Changes in Checking and/or Credit/Debit Spending and Transaction Patterns

  • A set of “out-of-sync” check numbers.
  • A sudden flurry of “bounced” checks and overdraft fees.
  • Transaction review shows multiple small dollar checks posting to the senior’s account in the same month. This could be indicative of telemarketing or charity scams.
  • Large withdrawals from a previously inactive checking or credit account or a new joint account.
  • Account use shortly after the addition of a new authorized signer.
  • Abrupt increases in credit or debit card activity.
  • Sudden appearance of credit card balances or ATM/debit card purchases or withdrawals with no prior history of such previous use.
  • Withdrawals or purchases using ATM or debit cards that are repetitive over a short period of time.
  • Withdrawals or purchases using ATM or debit cards that are inconsistent with prior usage patterns or times (e.g., late night or very early morning withdrawals by elderly customers, withdrawals at ATMs in distant parts of town by customers who don’t drive or are house bound).
  • Withdrawals or purchases using ATM or debit cards that are used shortly after the addition of a new authorized signer.
  • Unexplained disappearance of funds or valuable possessions, such as safety deposit box items.
  • Vulnerable adult appears confused about the account balance or transactions on his or her account.
  • A caregiver appears to be getting paid too much or too often.
  • Significant increases in monthly expenses paid which may indicate that expenses for persons other than the customers are being paid.
  • Sudden changes in accounts or practices, such as unexplained withdrawals of large sums of money, particularly with a vulnerable adult who is escorted by another (e.g., caregiver, family member, “friend”) who appears to be directing the changing activity patterns.

Changes to Accounts and/or Documentation

  • Recent changes or additions of authorized signers on a vulnerable adult’s financial institution signature card.
  • Statements are sent to an address other than the vulnerable adult’s home.
  • Vulnerable adult has no knowledge of a newly- issued ATM, debit or credit card.
  • Abrupt changes to, or confusion regarding changes in, financial documents such as Power of Attorney, account beneficiaries, wills and trusts, property titles, deeds and other ownership documents.
  • Sudden unexplained transfers of assets, particularly real property.
  • Sudden appearance of previously uninvolved relatives claiming their rights to a vulnerable adult’s affairs and possessions.
  • Discovery of a vulnerable adult’s signature being forged for financial transactions or for the titles of his or her possessions.
  • Refinance of the vulnerable adult’s property, particularly with significant cash out or with the addition of new owners on the deed and, most particularly, without the new owners shown as co-borrowers on the loan.

Changes in Appearance or Demeanor

  • Vulnerable adult has a companion who seems to be “calling the shots”.
  • Change in the vulnerable adult’s physical or mental appearance.

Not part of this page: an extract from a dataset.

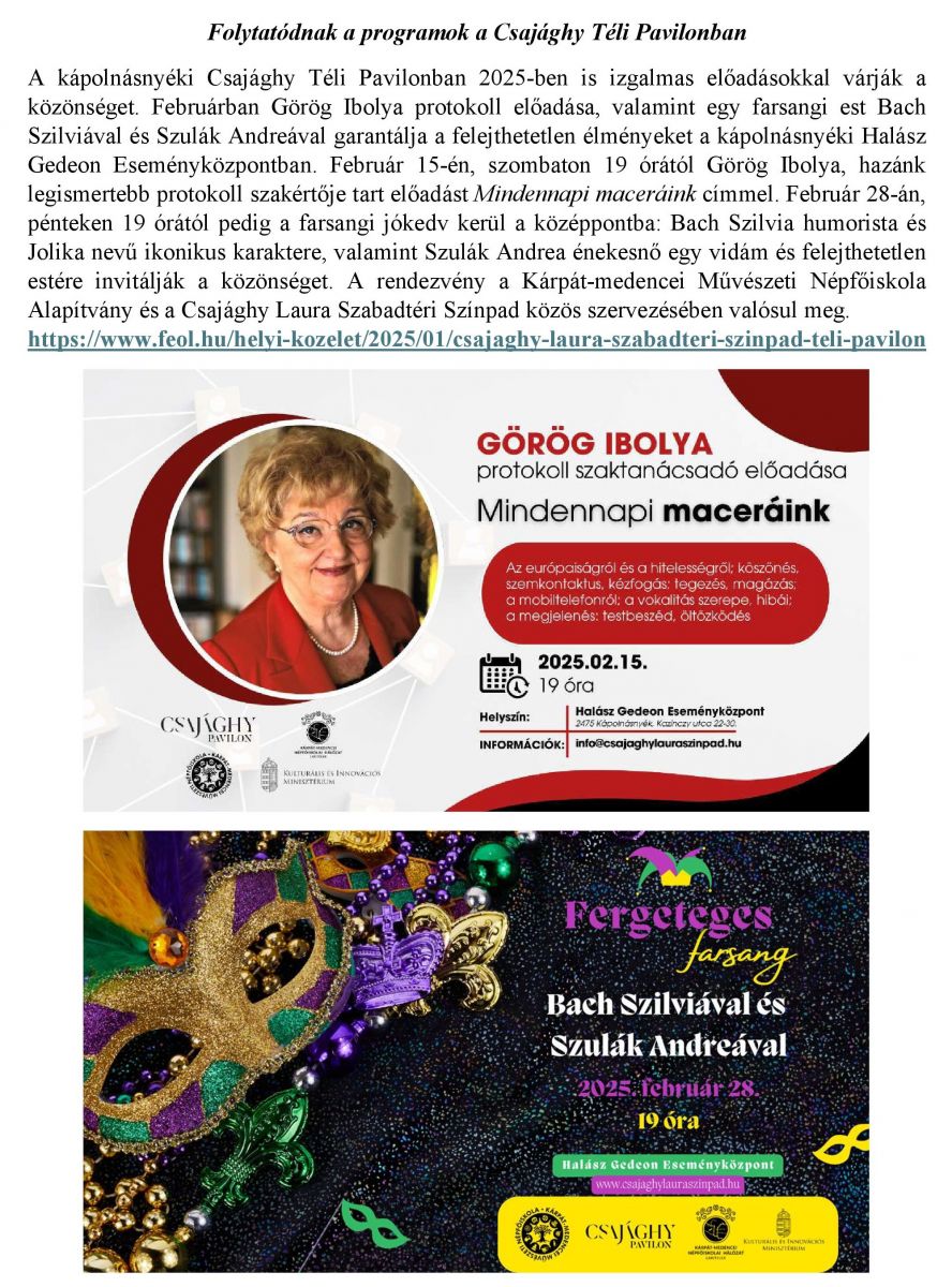 Folytatódnak a programok a Csajághy Téli Pavilonban

For example, the customer may appear uncharacteristically disheveled, confused or forgetful. These signs could indicate self neglect or early dementia and leave the vulnerable adult open for financial exploitation.
  • Vulnerable adult acknowledges providing personal and account information to a solicitor via the phone or email.
  • Excitement about winning a sweepstakes or lottery.
  • Allegations from a vulnerable adult or relative regarding missing funds or physical or mental abuse.